To that, Dr. Myron Downs, alternate delegate from Georgia, asked: “Are you a politician or are you a statesman? The issue of transparency … it’s kind of counterintuitive. When you have transparency you might be affected by outside sources.”
Connecticut Delegate Dr. Stewart “Chip” Beckett fired back his belief that transparency would open the door to better policy making: “If you don’t know why a resolution passed or failed, you can’t modify it; there’s no way to bridge the gap. I agree that this is a very politicized body, and it’s not going to be any worse if there’s transparency.
“We don’t allow people to review our work and see what we’re doing. Let’s not act like we’re hiding behind a curtain, and it’s protection.”
Dr.

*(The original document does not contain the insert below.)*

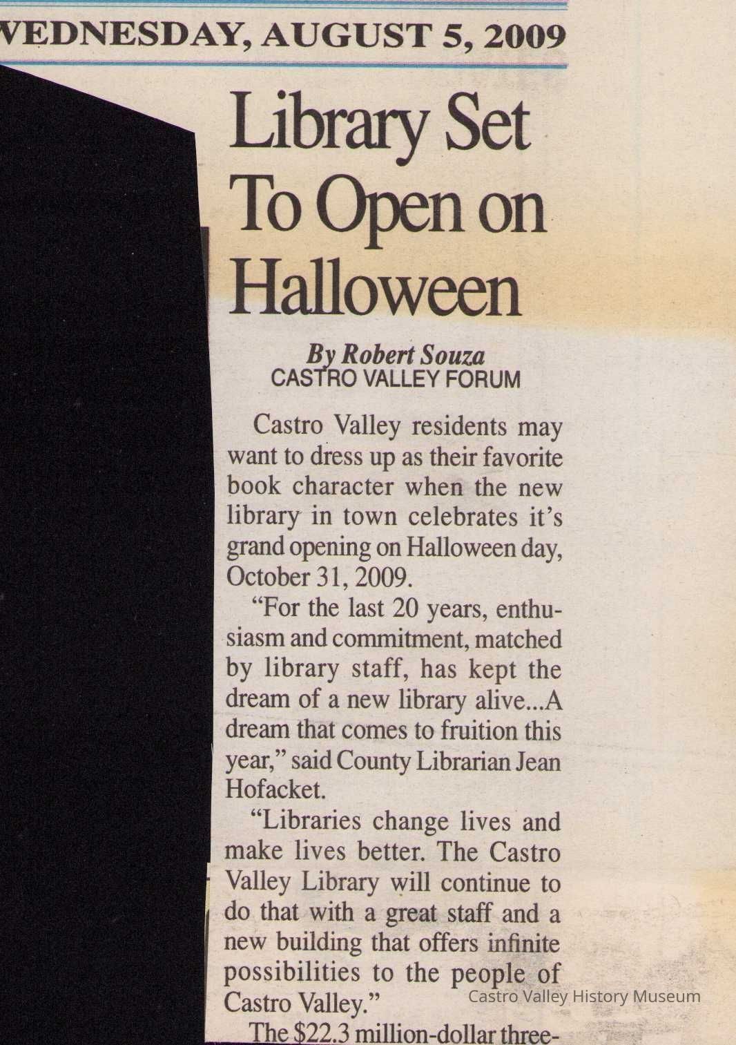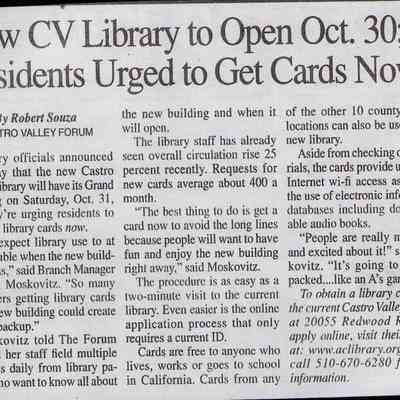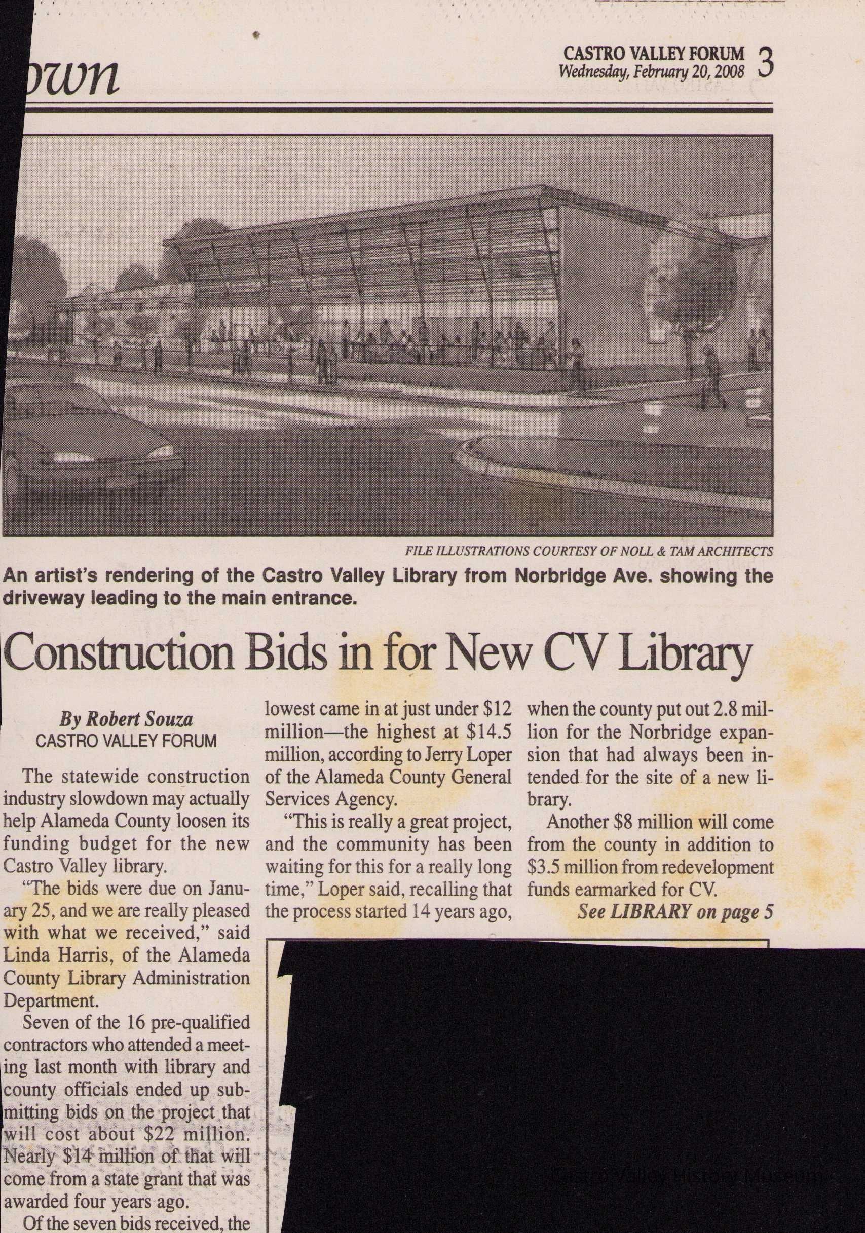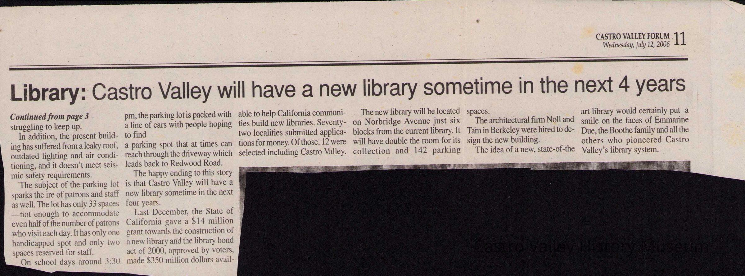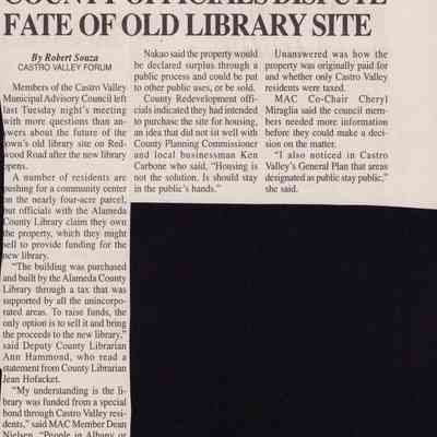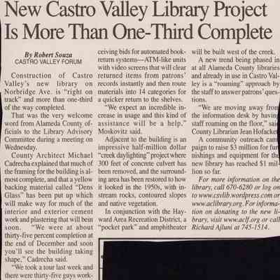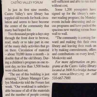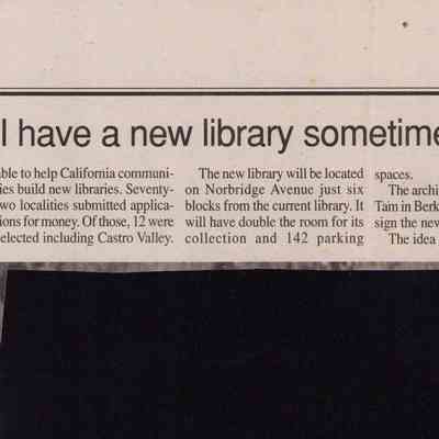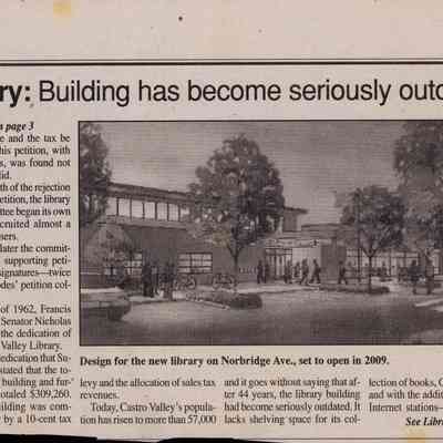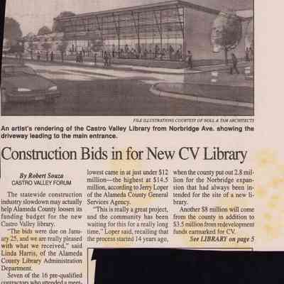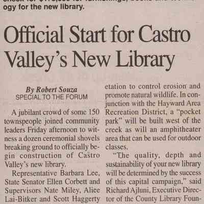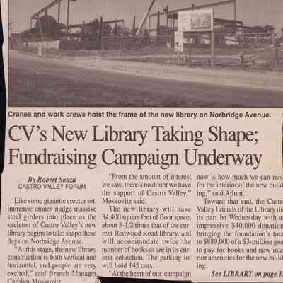 Articles from the Castro Valley Forum and Oakland Tribune on the new Castro Valley library on Norbridge Ave.

Gary Thompson, Ohio delegate, echoed those sentiments.
“Transparency can blow up in your face, I agree. I’m wrong about a lot of stuff, but I think the view is always better from the high ground,” he said.
Despite the bevy of arguments favoring the resolution, they did not provide enough traction for its passage. Spouting a reference from the Bible, Georgia Delegate Dr. Timothy Montgomery stood before his colleagues and noted that veterinarians are honest and reputable, negating a need for opening the House voting processes.

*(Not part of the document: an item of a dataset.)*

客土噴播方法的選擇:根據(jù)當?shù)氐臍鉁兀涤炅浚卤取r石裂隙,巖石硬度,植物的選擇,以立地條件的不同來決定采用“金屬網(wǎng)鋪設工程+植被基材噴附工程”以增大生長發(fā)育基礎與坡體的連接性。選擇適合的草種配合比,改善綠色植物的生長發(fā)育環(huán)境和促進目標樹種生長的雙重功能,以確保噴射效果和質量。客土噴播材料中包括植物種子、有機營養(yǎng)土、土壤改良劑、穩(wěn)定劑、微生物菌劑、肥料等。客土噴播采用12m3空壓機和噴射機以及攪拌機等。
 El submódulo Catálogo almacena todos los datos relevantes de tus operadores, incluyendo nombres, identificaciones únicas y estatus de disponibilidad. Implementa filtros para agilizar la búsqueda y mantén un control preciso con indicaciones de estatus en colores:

Furthermore, he stated, when it comes to controversial animal welfare topics, veterinarians don’t have the means to go back to their hometowns and face a backlash.
“We don’t have the income that a U.S. representative or senator has,” Montgomery argued. “We have to go home to be selected as the poster child representing a particular view on an issue and have that become a media circus … subject to media scrutiny and the Internet.”